Major updates from Google:

Google updates its algorithm every day.

Google releases major updates when there is a change in its algorithm.

There are also extensive core algorithm updates.

The goal of these major updates is to create a better search experience for users with more relevant and reliable search results.

These top updates from Google are not targeted at a certain page or site, but rather are intended to improve the way the system crawls content.

In 2018, Google confirmed they had implemented a comprehensive core algorithm update to benefit the least rewarded pages.

Google released another broad-core algorithm update targeting content relevance.

BERT:

BERT is the biggest update to Google’s algorithm since RankBrain.

BERT stands for Bidirectional Encoder Representations from Transformers 

used for natural language processing.

Essentially, it helps Google better understand the context of search queries.

With BERT, Google can analyze context to provide better search results.

Featured snippets are brief text, bullets, numbers, or tables that appear at the top of Google search.

The goal of a featured snippet is to respond to the search query directly in the SERPs without the need

to click through to the website.

Featured snippets have kick-started the allure of the coveted zero position.

It featured the search result above all other distractions in the SERPs, 

they also appear in the organic results.

In 2020, Google updated this feature to remove featured snippet search results, 

so it would include them in the featured snippet or organic result, not both.

Google released another update stating that featured snippets will now 

take users directly to the text that applies to their search query.

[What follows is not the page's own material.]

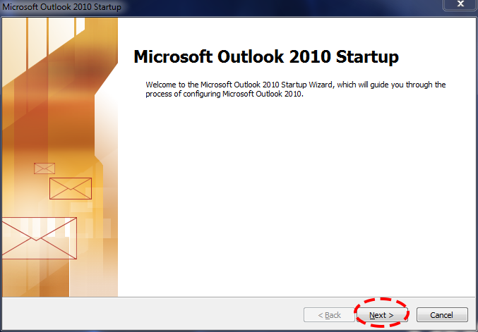 - If this is your first time starting Outlook 2010, you'll see this. Click Next

Users now see text highlighted in yellow.

As voice search continues to refine, featured snippet content will provide a great opportunity 

to increase organic visibility.

Search engines and SEO have come a long way since the 1990s.

The history of SEO has been full of exciting twists: the birth of new search engines, 

the death of the old search engines, new SERP features, new algorithms and constant testing and 

updates, plus the appearance of great publications, conferences, SEO experts and tools. .

While search engines and SEO have developed a lot over the years, one thing remains certain: 

as long as there are search engines, SEO will remain vital.